Rai acknowledges J K Rowling's first book was rejected by many houses, but insists "no ethnic minority authors or characters" would be able to make such an impact.
Diversity has been a watchword for the arts in 2016 so far -- the lack of ethnic minority nominees for the Academy and Brit Awards, were the subject of social media campaigns under the hashtags #OscarsSoWhite and #BritsSoWhite.
Even US President Barack Obama addressed the issue, telling regional television anchors: "I think that when everyone's story is told then that makes for better art... And I think the Oscar debate is really just an expression of this broader issue. Are we making sure that everybody is getting a fair shot?"

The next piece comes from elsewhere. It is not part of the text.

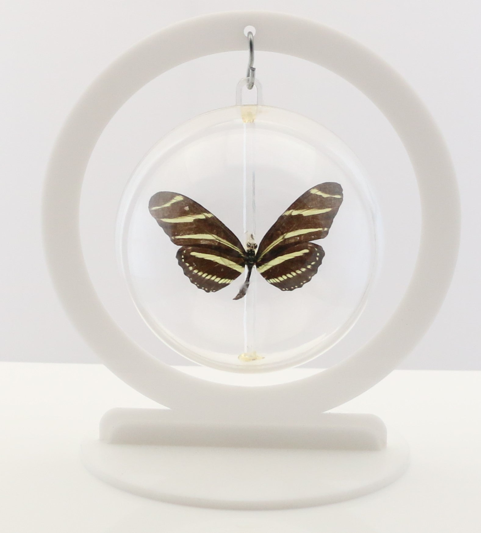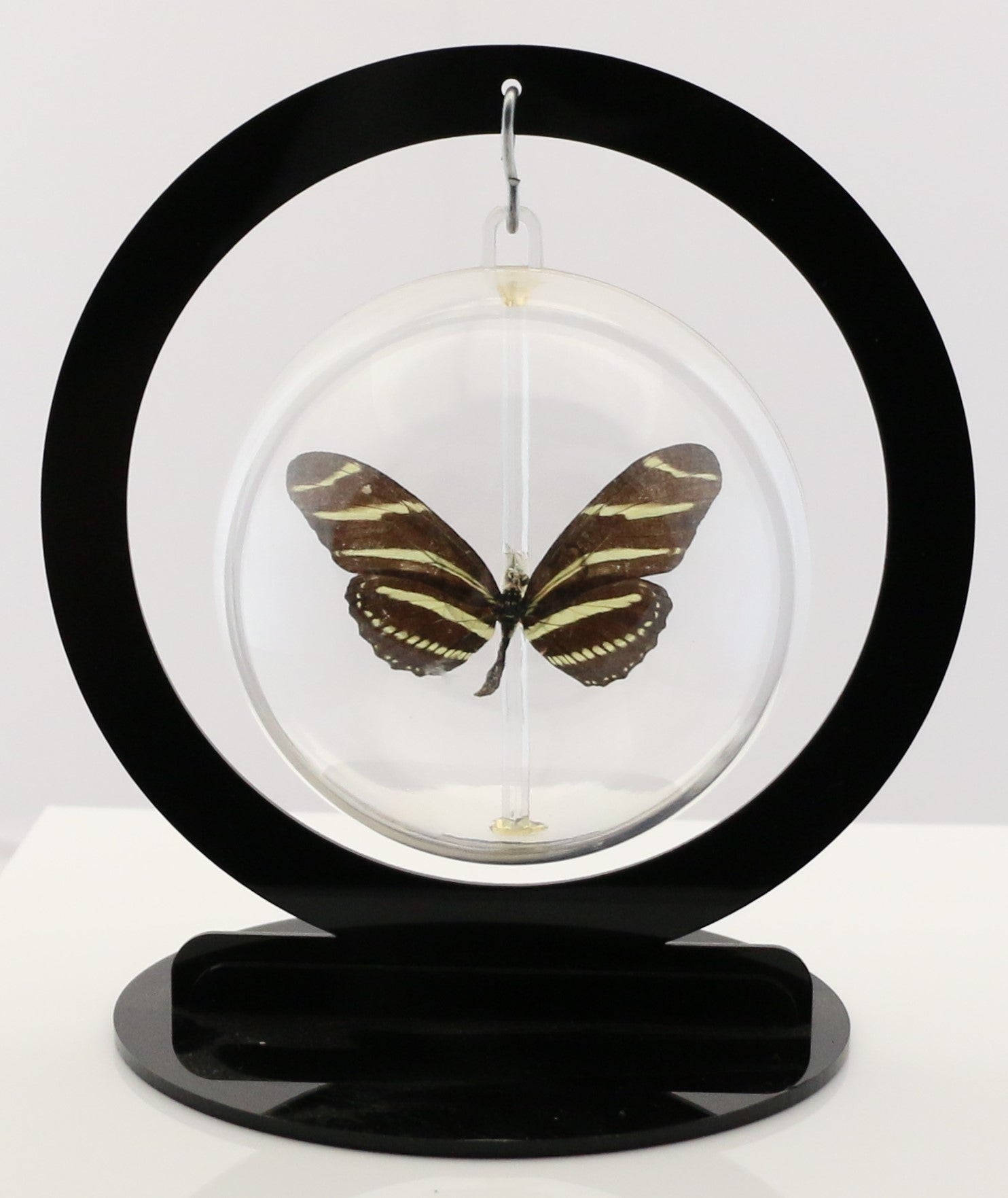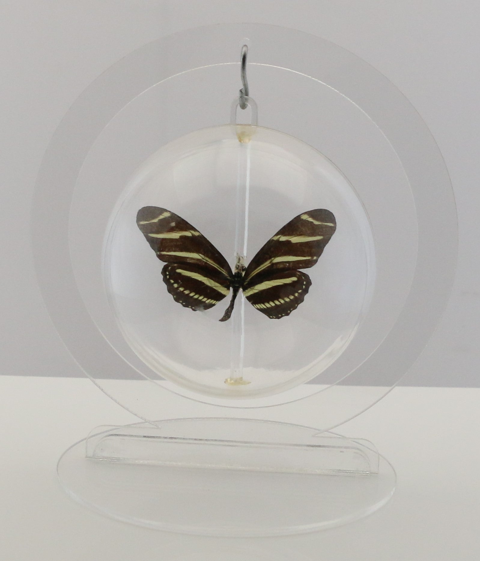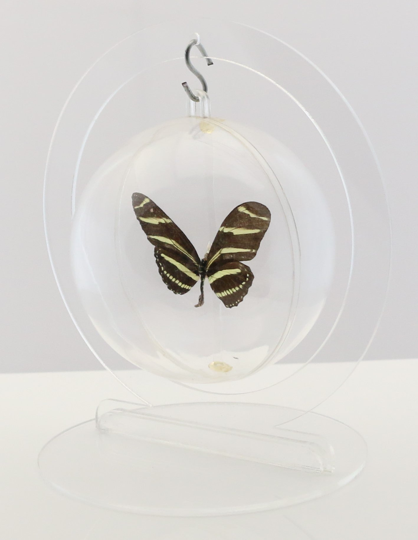 750205 - Butterfly Bubbles - Med. - Round - Zebra Longwing Butterfly (Heliconius charithonia). It is mounted in our Medium (100mm = 3.9 inch) diameter round acrylic bubble.

Rai concedes that although diversity is being discussed more in publishing, the industry is only paying lip service to the idea, with token minority authors, rather than making wholesale changes to improve the situation.
He warns this reluctance to take risks, challenge orthodoxy, and seek out unheard voices in society is not only failing aspiring writers, but readers as well.
"If I were dictator for a day, and could change publishing...I would give my entire advertising budget to the rebels and the risk-takers, and the least represented," he says, adding: "It might not make as much profit possibly, but it would add much more to literature.
"Mainstream publishing at present is staid and overly reliant on tried and tested formulas."
Rai, whose debut novel (UN)arranged Marriage has been translated into 11 languages and appears on the GCSE reading list, is also calling for more public libraries and a re-think on the importance of reading and literacy in the UK, which he says are undervalued.